Experimental Settings: Coling 2010

This page provides additional information about the experiments reported in the Coling 2010 paper Evaluating Dependency Parsers on Unbounded Dependencies.

Training Data and Preprocessing

The standard versions of MSTParser and MaltParser were trained on Penn Treebank, Wall Street Journal, sections 2-21.

The special question models, referred to as MST-Q and Malt-Q in the paper, were trained on the same data plus the subset of all sentences in QuestionBank that do not occur in the development or test sets for the unbounded dependencies.

The data from Penn Treebank and QuestionBank were converted to Stanford basic dependencies in CoNLL format using a Java program (PennToStanford.java) that first employs the Stanford parser to obtain the dependencies in Stanford format from the Penn trees, then converts this output to CoNLL format and adds to it the part-of-speech tags obtained from the original trees. Detailed instructions about how to execute this converter are in a comment at the beginning of the Java code.

The development and test sets for unbounded dependencies were part-of-speech tagged using SVMTool with the pre-trained model for English available on its website.


Both versions of MaltParser (Malt, Malt-Q) were trained using MaltParser, version 1.3.2, with the following parameters:

java -jar -Xmx1024m malt.jar -c model -m learn -i training.conll -a stackproj -F coling10.xml -d POSTAG -s Stack[0] -T 1000 
This requires the feature specification file coling10.xml. For more information about parameters, see the MaltParser documentation.
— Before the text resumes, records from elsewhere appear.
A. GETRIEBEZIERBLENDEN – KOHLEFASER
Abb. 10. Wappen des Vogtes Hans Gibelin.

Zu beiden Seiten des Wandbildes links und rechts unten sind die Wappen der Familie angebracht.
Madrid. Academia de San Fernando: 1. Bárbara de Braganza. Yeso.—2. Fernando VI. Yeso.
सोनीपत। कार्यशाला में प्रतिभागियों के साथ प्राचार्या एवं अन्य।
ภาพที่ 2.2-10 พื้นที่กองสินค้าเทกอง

Both versions of MSTParser (MST, MST-Q) were trained using MSTParser, version 0.4.3b. Complete instructions and scripts for training the parsers can be found in the archive mst.tar.gz. (Consult the README file.)
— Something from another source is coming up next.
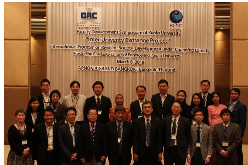
〈ファカルティディベロップメントシンポジウムの参加者〉

学生の相互交流を実施した後に、実施したプログラムの内容を吟味して翌年に向けて改善するため、質を確保するために必要な要件、参画大学の貢献について、ファカルティディベロップメント活動を通じて確認した。特に、平成31年3月にはバンコクにてファカルティディベロップメントシンポジウムを開催し、連携大学メンバーが集まり、提供する科目の質を確保して単位の実質化を図ることに合意した。

The output of all four parsers (MST, MST-Q, Malt, Malt-Q) was post-processed using the Perl script basic2propagated.pl, which infers dependencies licensed by relative clauses and coordination. The usage is as follows:

perl basic2propagated.pl input.conll > output.stanford
NB1: After the experiments reported in the paper, the post-processing has been refined and reimplemented and the old version is only published in the interest of replicability.
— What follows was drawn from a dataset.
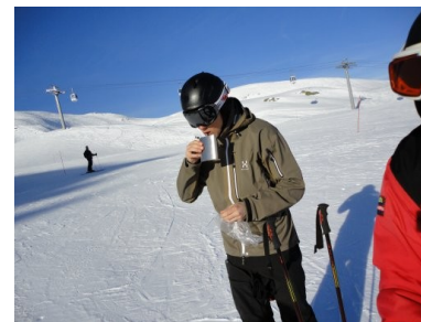
Tid til Fætter Bernhard

Efter frokost tog vi den store lift, der førte os op på bjergtoppen, så vi kunne køre ned i dalen mod Meribel Montarret, hvor vi havde kørt dagen inden. Ligesom de andre dage blev der indlagt enkelte små pauser, hvor vi fik en "Fætter Bernhard" (Fernet Branca) fra Pers lommelærke. Tiden var efterhånden så fremskreden, at vi tog liften, der gik op mod Val Thorens. Da vi tog den sidste stolelift mod toppen, hvor vi kunne køre mod Val Thorens kunne vi se, at vi sagtens kunne nå endnu en tur ned af bjerget mod Meribel Montarret, ad en super løjpe. Vi havde nu fået endnu en god oplevelse i Meribel dalen og tog stoleliften mod Val Thorens.

We considered a correctly recovered dependency to be one where the gold-standard head and dependent were correctly identified, and the label was an "acceptable match" to the gold-standard label. To be an acceptable match, the label had to indicate the grammatical function of the extracted element at least to the level of distinguishing active subjects, passive subjects, objects, and adjuncts. For example, we did not distinguish between dobj (direct object), pobj (prepositional object), and iobj (indirect object) where the gold-standard label was any sort of object, but none of these would have been allowed if the gold-standard label was nsubj (subject). We also did not allow generic dep (dependency) labels since they are underspecified for the grammatical role of the extracted element. In some cases we allowed the correct dependency to be inferred from a path of dependencies.

All the files used for the evaluation and their scoring can be found in the archive evaluation.tar.gz. We include three files for each combination of parser and construction:

*.conllRaw parser output in CoNLL format
*.stanfordParser output after post-processing in Stanford format
*.scoredScoring of parser output after post-processing

The scored files show [1] for a correctly recovered dependency and [0] when the gold-standard dependency was not recovered. A few of the decisions in the development files are commented (prefaced by #). The file difficult_cases.txt gives examples of the reasoning used in the evaluation for some of the more difficult cases in the test data.

NB2: After the experiments reported in the paper, the manual evaluation has been replaced by a fully automatic procedure, which will be used in the future.

NB3: There are three errors in Table 3 in the published paper:

  1. MST on ObRed: The total number errors should be 10 (not 9).
  2. Malt on ObRed: The total number of errors should be 14 (not 13).
  3. Malt on Free: The number of Arg errors should be 4 (not 5) and the total number of errors should be 5 (not 6).